Incyte’s Newest Oncology Asset, a PI3K-delta inhibitor, INCB40093 for B-cell Lymphomas –  INCY’s PI3K-delta inhibitor ‘093 is already in the first part of a Phase I dose escalation trial in patients with B-lymphoid malignancies (Clinicaltrials.gov – INCB40093).  Later this month, the company will initiate a Phase I safety and efficacy combo trial testing ‘093 in combination with their oral JAK1 inhibitor ‘110 in this same patient group.  With an ever burgeoning oncology pipeline, one of INCY’s goals is to leverage the diversity of their portfolio by exploring other novel, cross-portfolio combinations. The breadthy and diversity of the company’s portfolio provides compelling opportunities to identify and develop unique targeted combination therapies in tumors for which there is an unmet clinical need.  Interestingly, pre-clinical studies have demonstrated that the JAK1 and PI3K-delta pathways play interrelated functions in maintaining the growth and survival of B-lymphoid itself. And concurrent inhibition of the two pathways exhibit synergy in preclinical studies.

AutoImmune, A Free De-Risked WildCard, Phase III RA data for Bari – LLY controls INCY’s second JAK1/JAK2 inhibitor (see Clinical Trials above), baricitinib, which is currently being evaluated in pivotal trials in rheumatoid arthritis, as well as in Phase II trials in psoriasis and diabetic nephropathy.  The first readout of multiple trials in the bari RA Phase III program is expected this year with data presentation to come in 2015. The ideal RA drug would be administered orally once-a-day, have efficacy at least equivalent to the injectable anti-TNF inhibitors (e.g., Enbrel, Rituxan, Humira with combined sales of over $20 billion) and not have the dose limited by off-target toxicities.  In our view, based on the Phase II data, bari could very well be that drug.  The initial market opportunity for bari will be substantial as a third of RA patients do not respond to injectable TNF therapy. Wall Street has assigned little value to bari, notably as PFE’s inferior JAK inhibitor Xeljanz has yet to make a meaningful dent in the anti-TNF drug domination. leaving the opportunity for positive data to serve as a significant catalyst.  Lastly, INCY opted to co-fund the Phase III program in RA with Lilly making the company eligible for tiered royalties up to the high-20% range, demonstrating their underlying confidence in bari’s ultimate success.

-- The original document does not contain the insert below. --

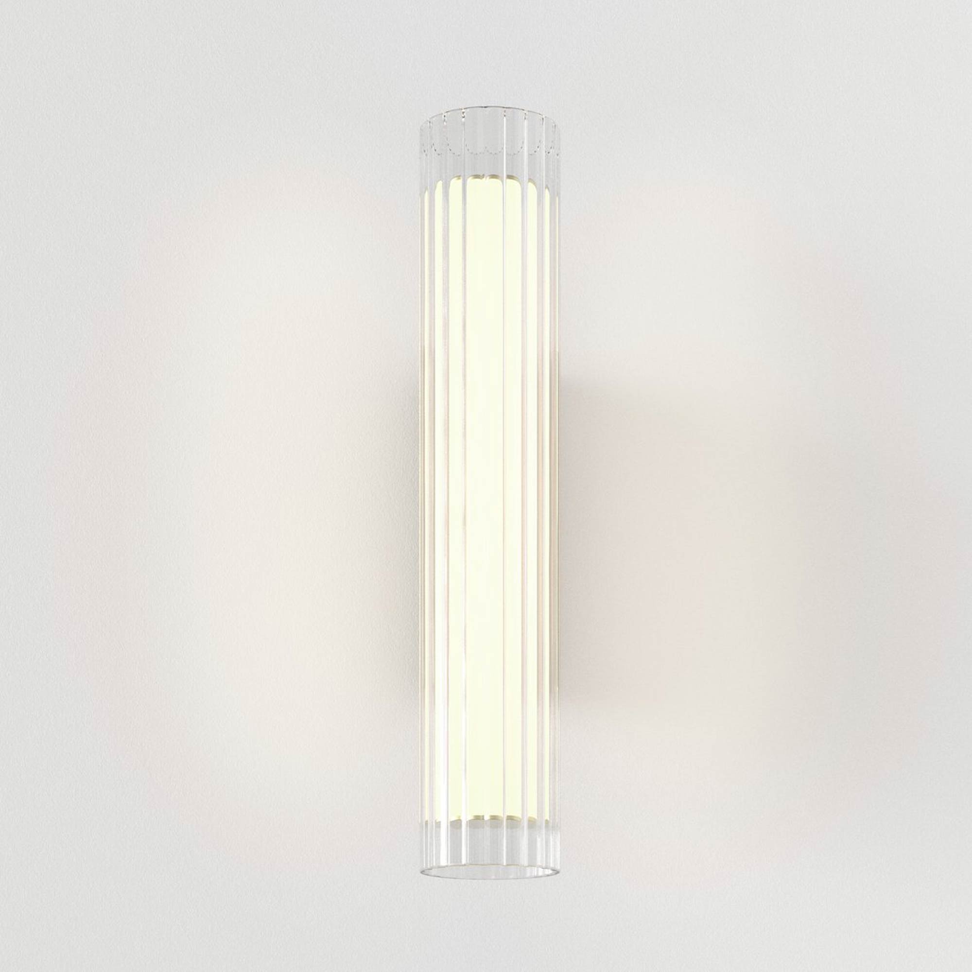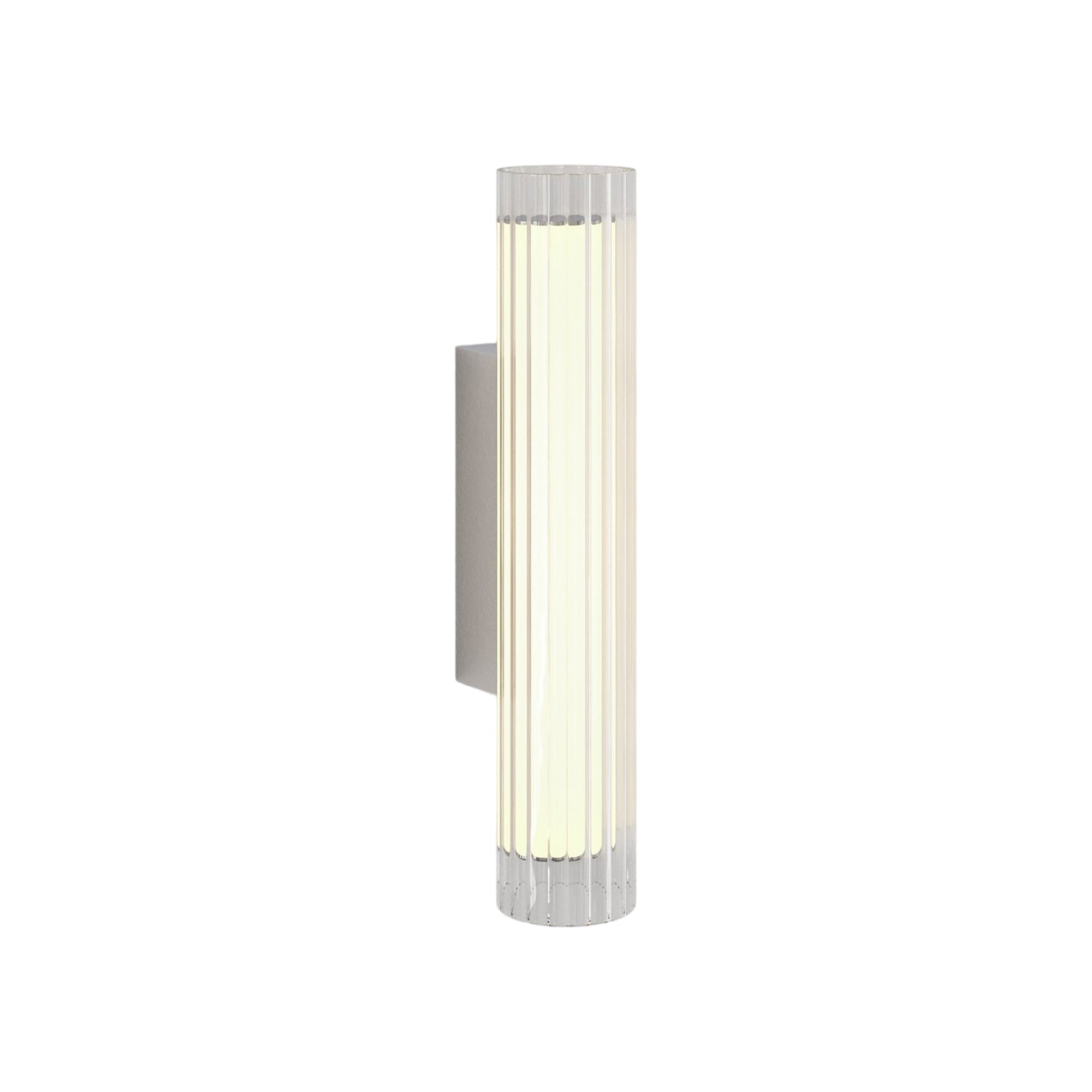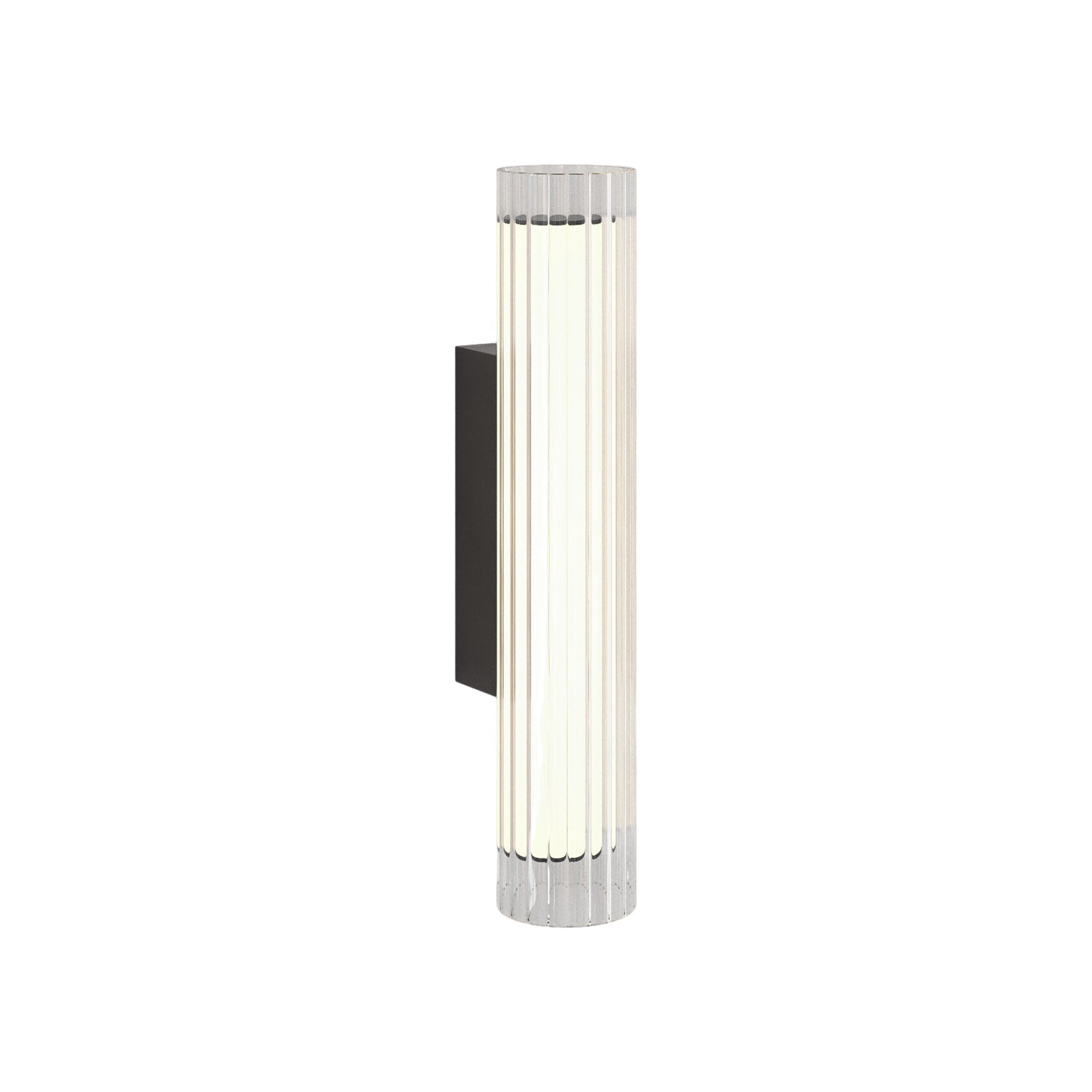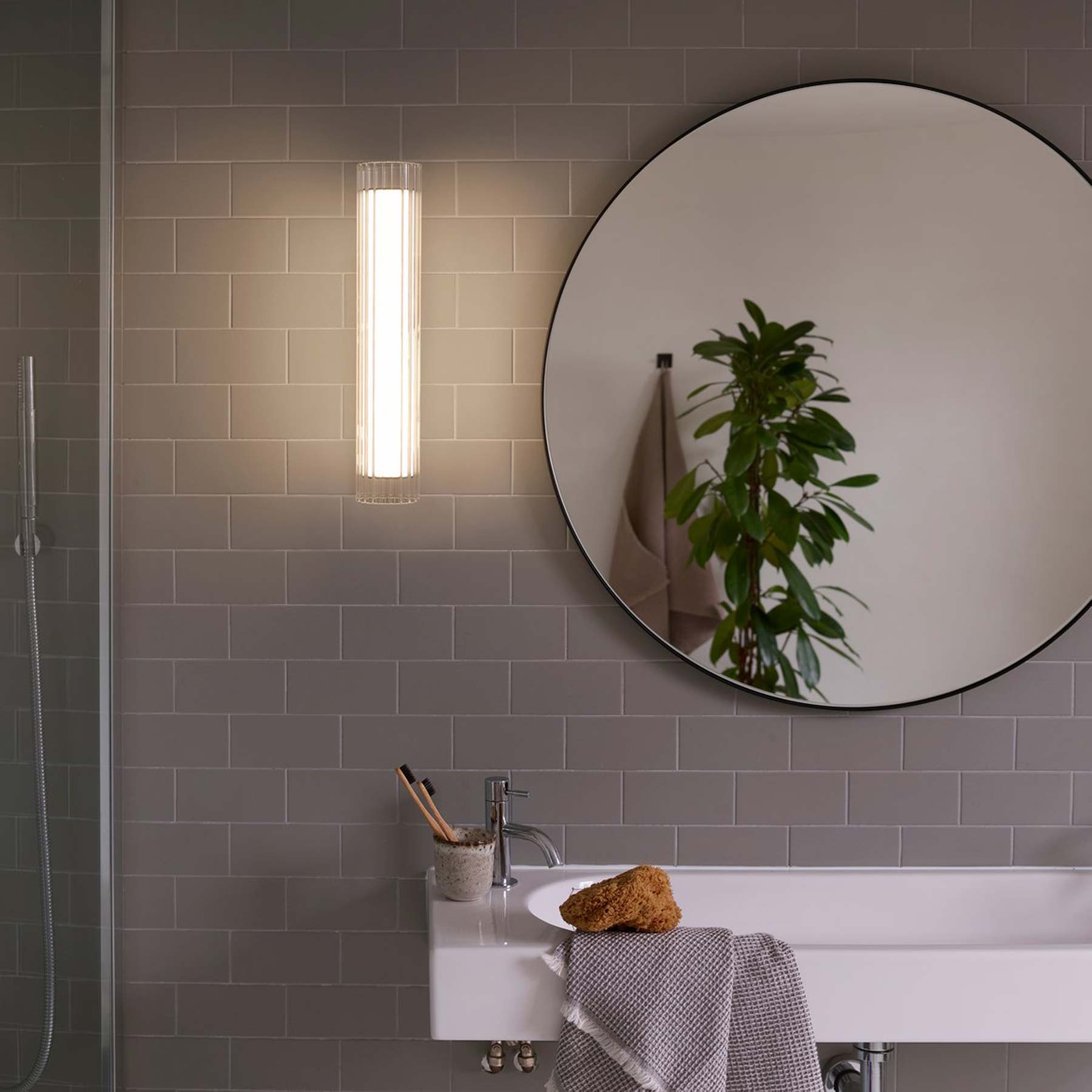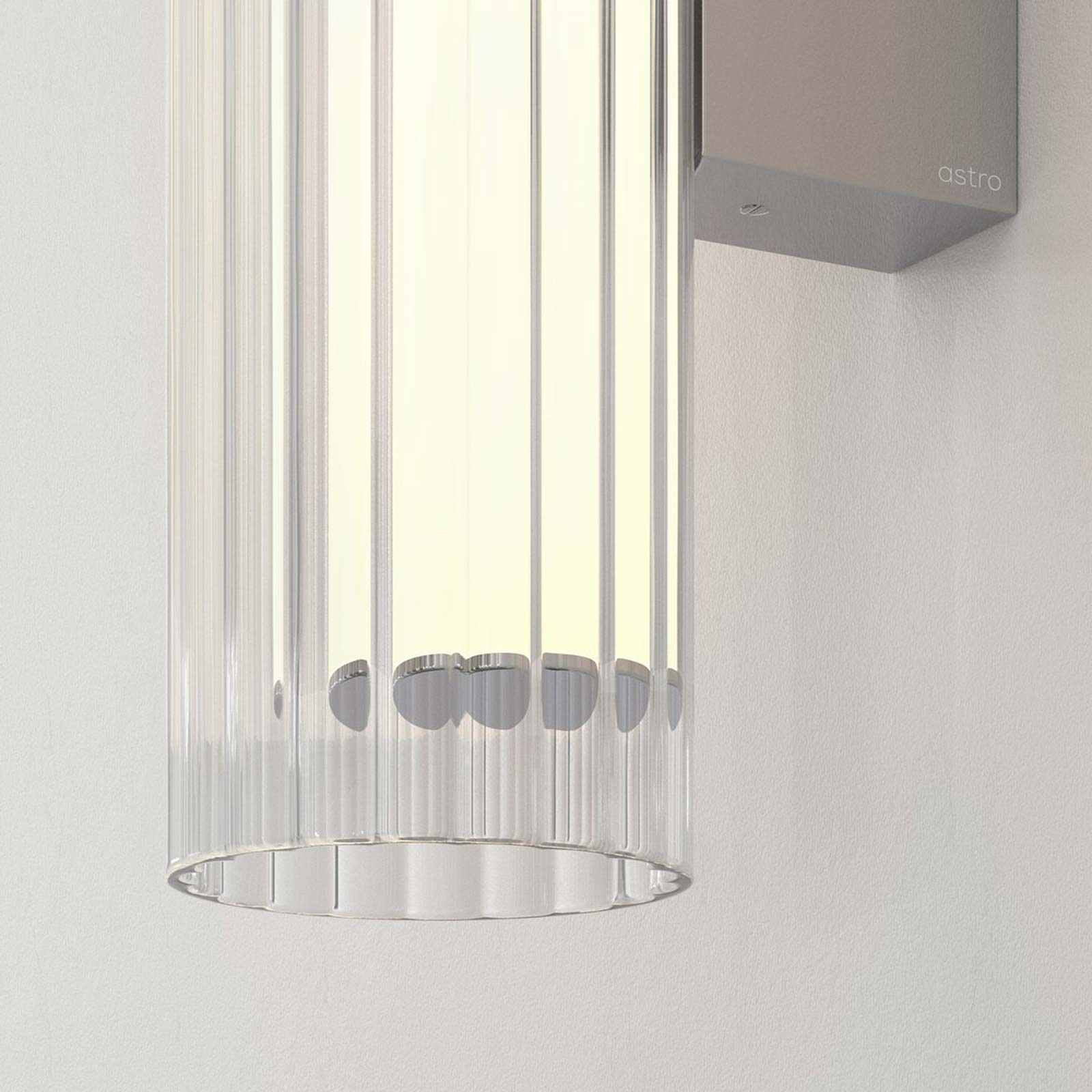 The use of glass in lighting design is common, but the io LED Wall Light from Astro Lighting takes it to a new level with a chic look and sophisticated presence. A textured glass cylinder shade mounted to metal delivers an exquisite style motif, slender and eye-catching. This energy-efficient bathroom light frames vanities or other living spaces with sheer elegance.

Investment Conclusion – Chase INCY – INCY is poised to enter the top tier of biotechs with an existing drug, Jakafi, heading to blockbuster status, and a rapidly emerging small molecule oncology pipeline that, in our view, is second to none in the world. By year end 2014, INCY will have 9 different drugs or drug candidates in human clinical development for 26 different indications.   An amazing 21 of the different indications are in cancer.  It is clear to us that an oncology powerhouse will emerge this year at INCY as they have strategically positioned the company for multiple datapoints, clinical initiations and rapidly growing revenues throughout 2014.  With the youthful and dynamic new CEO from Novartis firmly taking the reins of this throughbred oncology powerhouse, in our view, INCY is ready to run further in 2014.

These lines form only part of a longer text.